『赤毛のアン』を読む(西洋の児童文学を読むB、2022/5/20)(その2)

福西です。(その1)の続きです。

今回読んだ個所では、アンの感激を現す「I love……」というセリフが、いくつも出てきました。

「あたし、馬車に乗って行くのが大好きなの」(I’m glad because I love driving)

「美しい服ってあたし、大好きなんですもの」( I just love pretty clothes)

「あたし、もう好きでたまらないわ。こんなところで暮らすんですもの、うれしいわ」(I just love it already, and I’m so glad I’m going to live here)

また、次の表現も、印象的です。

Oh, it seems so wonderful that I’m going to live with you and belong to you.

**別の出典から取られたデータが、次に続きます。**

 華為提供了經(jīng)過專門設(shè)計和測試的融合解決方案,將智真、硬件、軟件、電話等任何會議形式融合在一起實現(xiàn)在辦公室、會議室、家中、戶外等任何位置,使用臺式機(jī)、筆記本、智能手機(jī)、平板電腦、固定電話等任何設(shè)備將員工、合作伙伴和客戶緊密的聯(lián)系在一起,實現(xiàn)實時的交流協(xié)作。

I’ve never belonged to anybody—not really.

「これから小父さんといっしょに暮して、小父さんの家の人になるなんて、まあ、なんてすばらしいんでしょう。あたし、いままでどこの家の者でもなかったんですもの──ほんとうの家族としてはね」

 

I’ve always heard that Prince Edward Island was the prettiest place in the world,(…)It’s delightful when your imaginations come true, isn’t it?

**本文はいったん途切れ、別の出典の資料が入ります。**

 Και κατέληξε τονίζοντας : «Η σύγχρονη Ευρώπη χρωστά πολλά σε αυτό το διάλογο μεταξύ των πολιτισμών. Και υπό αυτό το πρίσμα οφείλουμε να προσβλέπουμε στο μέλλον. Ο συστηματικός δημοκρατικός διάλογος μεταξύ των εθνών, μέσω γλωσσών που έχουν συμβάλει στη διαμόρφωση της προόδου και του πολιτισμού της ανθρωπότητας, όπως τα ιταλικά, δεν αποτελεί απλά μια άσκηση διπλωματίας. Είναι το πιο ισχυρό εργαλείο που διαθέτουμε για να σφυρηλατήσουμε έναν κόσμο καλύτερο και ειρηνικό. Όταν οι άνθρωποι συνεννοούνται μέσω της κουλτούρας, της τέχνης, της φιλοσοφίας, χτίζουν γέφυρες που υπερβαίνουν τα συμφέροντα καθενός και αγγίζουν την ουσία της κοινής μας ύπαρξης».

プリンス・エドワード島は世界じゅうでいちばんきれいなところだって(…)想像していたことがほんとうになるって、うれしいことじゃない?」

家族を持つこと、美しい場所に住むこと、ドライブや白い服を着るといった、美しい経験をすること。それらをいままでアンは「想像」するだけでした。それらがいま一つずつ、現実にかなっていることを実感し、アンの大きな魂は、小さな体ではちきれんばかりにうち震えているのでしょう。

しかし次の章「マリラ・クスバートの驚き」で、それが「ぬか喜び」だったということが分かります。これはマシューが事態を先延ばしにしたせいで起こった、酷な事だとも言えます。

ともあれ、喜びの浮き沈みを経て、『赤毛のアン』はいよいよ面白さを増します。ぜひ次回もお楽しみに。

 

最後の時間では、もう一度、映画の『赤毛のアン』(ミーガン・フォローズ主演、ケビン・サリバン監督、1986年)の、ブライト・リバー駅でアンとマシューが出会うシーンを見ました。